Uma das cenas mais emocionantes de Up, é quando Fredricksen, já quase no final da animação, acaba foleando um livro que até então era destinado para colocar as fotos e aventuras que o casal faria se tivesse ido para a América do Sul. E então, ele acaba encontrando dezenas de fotos de ambos, construindo a casa, casando, e enfim, detalhes simples do dia a dia, que acabaram fazendo todo o sentido. A Pixar é fodástica não somente por saber fazer uma piada, saber fazer um enredo, mas principalmente por tocar lá no fundo da gente, por razões que embora seja pessoal de cada um, é também um sentimento quase hunanime, porque muitos passaram pela mesma coisa. Um exemplo claro disso é a nostálgica infância que Toy Story desperta em praticamente todo o mundo.

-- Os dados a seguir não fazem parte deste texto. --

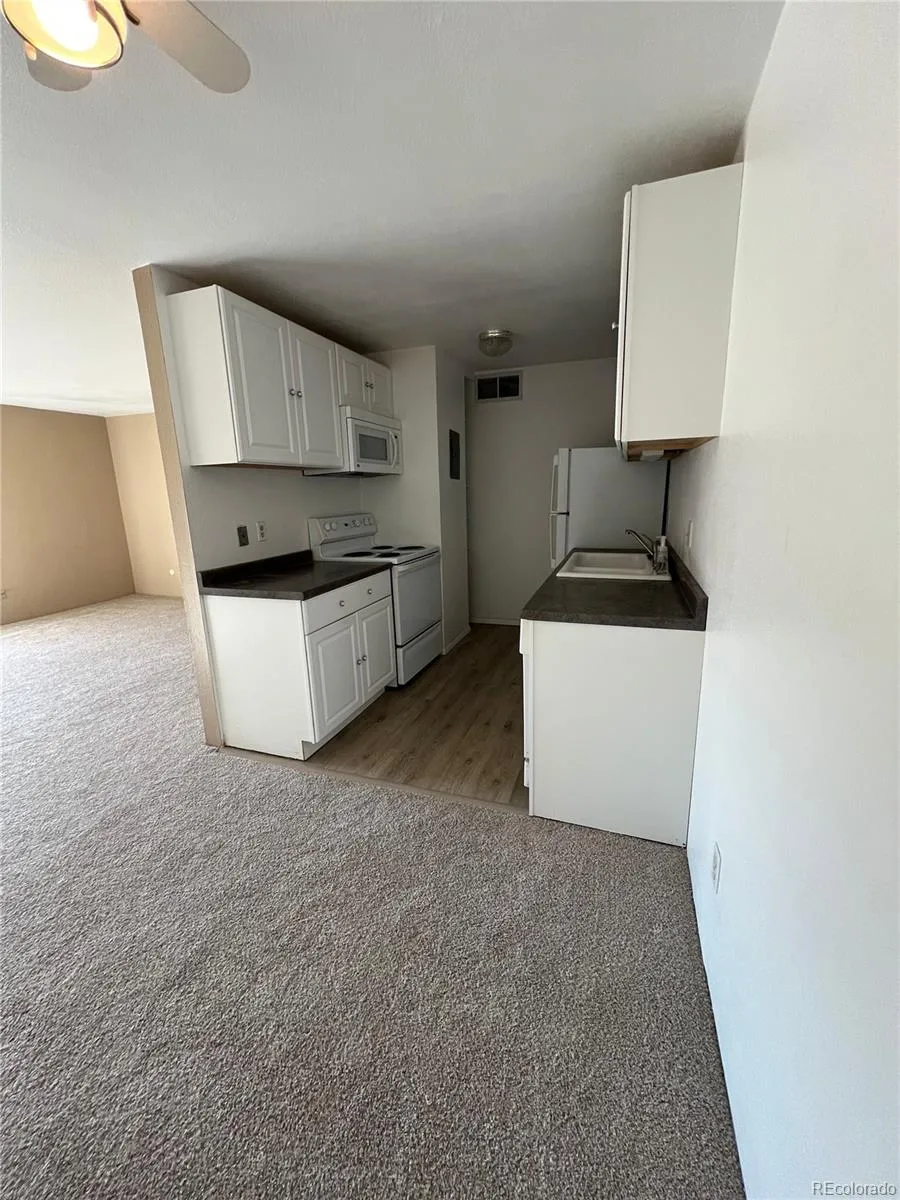 Step into this 2-bedroom, 1-bath affordable condo in the Bravado Condos community. This move-in-ready home features brand-new carpet in the bedrooms and living area and stylish vinyl flooring in the kitchen. Large windows fill the space with natural light, creating a warm and welcoming atmosphere. Relax on your private newly painted deck facing the large community open space. Enjoy the community amenities, including a pool and clubhouse. Your parking concerns are alleviated through the deeded parking space.

Fredricksen, que nunca teve filho pois ele e sua esposa não podiam, acaba esbarrando com um gordinho escoteiro – Russel, que por sua vez, não tem atenção fraterna com ninguém específico até então. Com Russel, o Sr. Fredricksen volta a ser criança, faz a grande tal aventura com aquele que posteriormente considerou como um filho. E Ellie, apesar de morrer logo no ínicio da história, onde nos mostra um flashback gostosíssimo de ver (e que rende o maior chororô, mais do que qualquer final de outra animação) mostra através daquele álbum que também teve sua aventura e que ela pode também olhar pra trás e dizer que valeu a pena.

O que Up sempre me passa é exatamente isso: Apesar da crise que temos do que fazer para que nossas vidas possam valer a pena, a história e aventura de cada um é única, e até mesmo nas coisas simples da vida temos algo belo, uma relíquia que faz fecharmos o livro concluindo que não havia nada a mais especial do que aquilo para ser escrito.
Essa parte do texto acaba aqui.